Method for extracting lanthanum by thermal reduction of bismuth ore

[0001] The invention belongs to the method for extracting strontium in the field of non-ferrous metallurgy technology, in particular to a method for extracting cerium by thermal reduction and enrichment of strontium ore by using sodium hypophosphite as a reducing agent.

Background technique

[0002] Lignite is a favorable carrier for the enrichment of alfalfa. There are a large number of organic matter in the lignite that can fix the alfalfa. The lignite in the basin of Linyi City, Yunnan Province is one of the most important sources of plutonium in the world. High, the coal quality is too bad, the calorific value is only 30%-40 <3⁄4 of ordinary lignite, so it has been approved by the Ministry of Land and Resources to be changed into antimony ore. The metal reserves are around 800 t, which is the Xinyuan industry in Linyi, Yunnan. Co., Ltd. is used in the development of the company, which mainly uses pyrophoric combustion enrichment to extract plutonium, and uses the reducing gas generated by carbon under high temperature conditions to reduce the volatilization in the antimony ore and into the soot, but the smelting of the plutonium The volatility rate has been difficult to break through 75%, and the cost of secondary recovery of ruthenium in the smashing residue is not satisfactory, which results in the loss of 锗 resources, so it is necessary to find a more effective technical method to increase the volatility of lanthanum. The existence of strontium in lignite is complicated and diverse. The enthalpy of high-valent compounds requires stable volatilization at very high temperatures, while the low-valent cerium compounds volatilize at 800-900 °C. Carbon has a strong reductive effect at high temperatures, but because the carbon content of antimony ore is too low, it does not promote the volatilization of plutonium to the greatest extent. Therefore, we consider adding a more effective reducing agent to promote the volatilization of plutonium.

technical problem

[0003] The invention mainly solves the problem that the recovery rate of the existing antimony ore enrichment process is difficult to break through 75%, and the secondary fire recovery process of the tasting furnace is high in production cost and low in recovery rate. Concentrate grade low-humidity treatment costs are high, and so on.

Problem solution

Technical solution

[0004] Bismuth exists in ore ore in the form of many complex organic and inorganic compounds. Among these complex compounds, there are many stable Ge 4+, a small amount of Ge 2+ , and a Ge compound. It needs to be volatilized above 1150 °C, and the Ge 2+ compound is obviously volatilized at 750 °C, so the fire method is rich. It is the principle of using this principle to reduce the certain Ge 4+ compound to Ge 2+ compound to achieve obvious volatilization. However, due to the complex form of 锗Ge 4+ in the antimony ore, the reduction of carbon does not result in the enthalpy. For maximum volatilization, it is necessary to add a reducing agent to increase the volatilization rate of the crucible, improve the grade of the antimony concentrate, reduce the crucible content of the crucible furnace, and avoid the secondary treatment of the crucible furnace.

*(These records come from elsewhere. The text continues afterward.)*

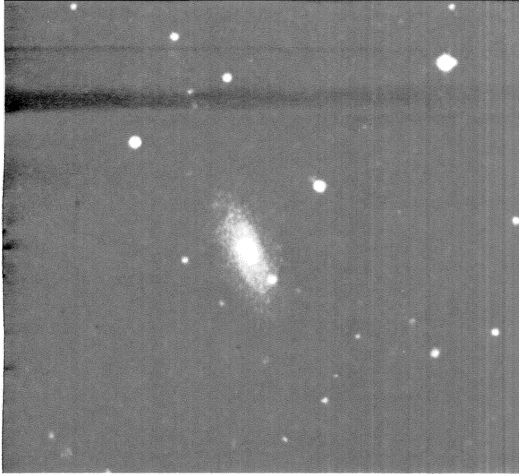
A spiral galaxy in the constellation of Leo—photographed in February 1950 (left) and again four years later (right)—shows one significant difference. In the second picture a brilliantly clear supernova has appeared on the southwest edge of the cloud-like galaxy. The outburst probably occurred about 200 million years ago, and the light from it has been speeding toward the earth ever since.

have been caused by exploding stars which were members of the respective galaxies themselves, and therefore supernovae.
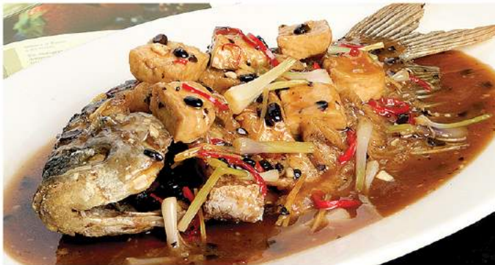
Gurami Tahu Taosi FRIED GURAME WITH BEANCURD BLACK BEAN SAUCE Rp. 20.000 / ons
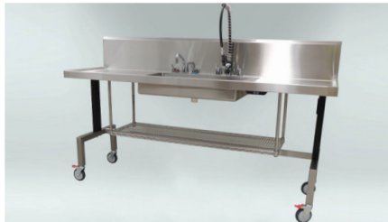
SP540.1 HEIGHT ADJUSTABLE CENTRE BOWL SINK UNIT (1 SINK) ELECTRIC 240V

Dimensions: 2000W x 650D x (900 to 1150)H Bowl: 1 x 600 x 450 x 200 deep Rear Splash Back: 300mm - Rear Only Bench: Wet Edge Optional: Lower Mesh Shelf (Picture shown with optional Solid S/S Shelf)
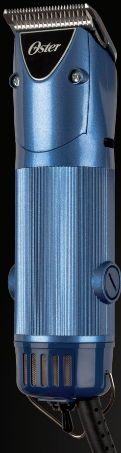
Turbo A5® Two Speed Clipper 78005-100-200
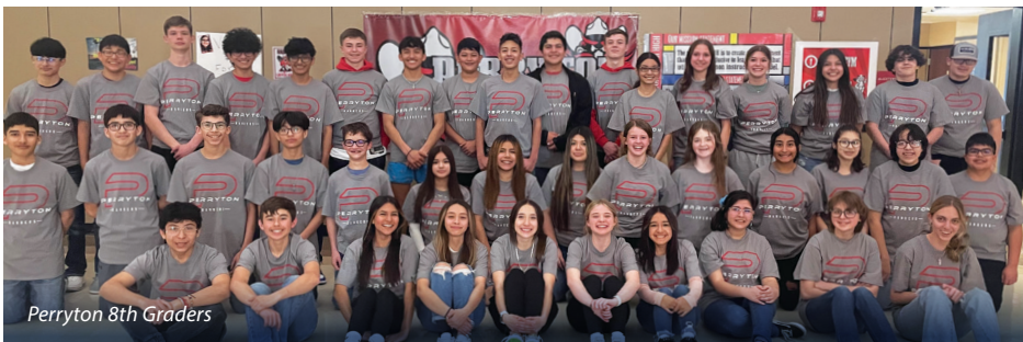
Perryton 8th Graders
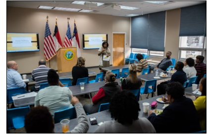
Lunch and learn event on Jan. 29

If you are interested in learning more about how human trafficking is affecting our state and nation, please visit the CFWYI Human Trafficking page and the National Human Trafficking Hotline website for further details.
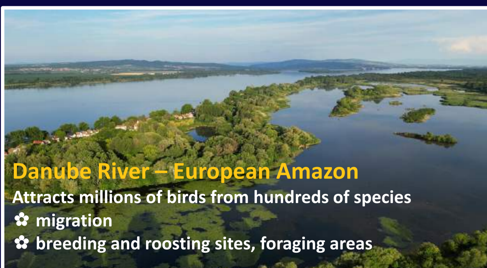
Danube River – European Amazon Attracts millions of birds from hundreds of species ✿ migration ✿ breeding and roosting sites, foraging areas
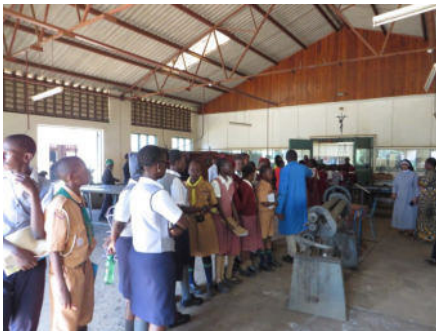
The Annual -Techno Expo 23 was

held on 13th October 2023. Many schools and parents visited the workshops and saw the products of Don Bosco Embu prepared by our students. Tough many schools promised to come they let us down by not appearing on the material day. However, we had close to 400 visitors on that day. The children from the neighbouring schools really marveled at the products. We thank the DBDON and DBTec Africa for the
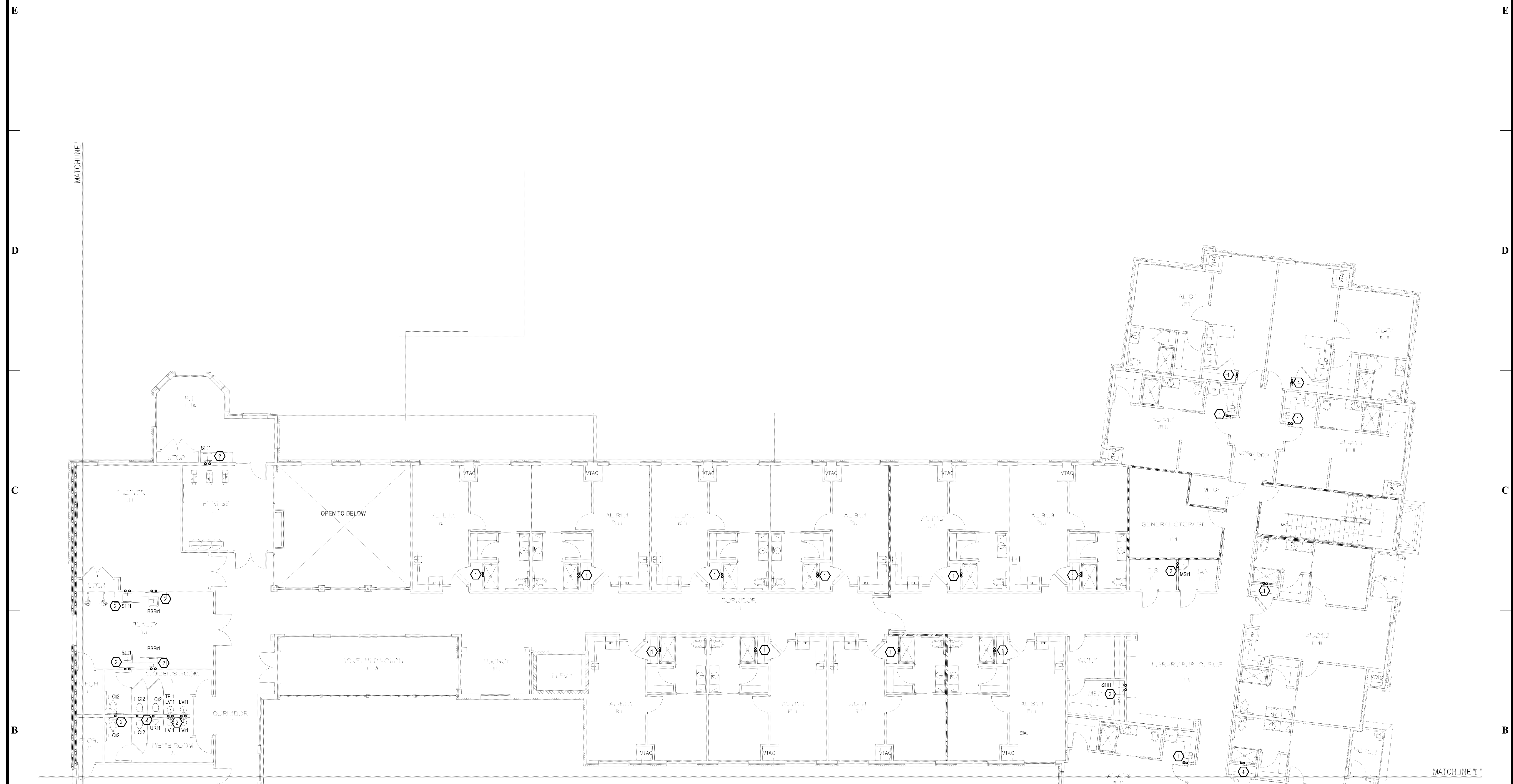
1 | SECOND FLOOR PLUMBING LATER PLAN P2.2.1 1/8" = 1'-0"
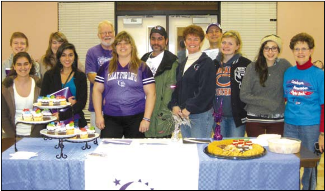
Relay For Life is a community event! You do not have to be on a team to attend and experience the spirit.
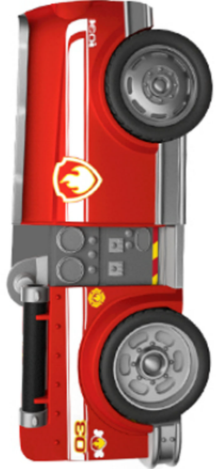
BACK OF CAR

[0005] There are thousands of chemical reducing agents, and there are several types, such as metal reducing agents: active metals such as potassium, sodium, iron, zinc, magnesium, etc.; low-oxide oxide reducing agents, such as carbon monoxide, Ferrous oxide, NO, etc.; hydride reducing agent, such as hydrogen sulfide, ammonia, BH _{3 ,} etc.; inorganic compound reducing agent, such as sodium borohydride (potassium); in addition, there are a large number of organic compound reducing agents, such as formaldehyde, A compound such as an aldehyde or sodium ethoxide. The experimental group conducted exploratory experiments from the aspects of economy, safety, environmental protection, etc., and selected several representative reducing agents to repeat the selective test in the laboratory stage. The test method steps were consistent, sampling The amount is 5 g, the volatilization temperature is 1000 °C, and the time is 1 h. The comparison test is shown in Table 1.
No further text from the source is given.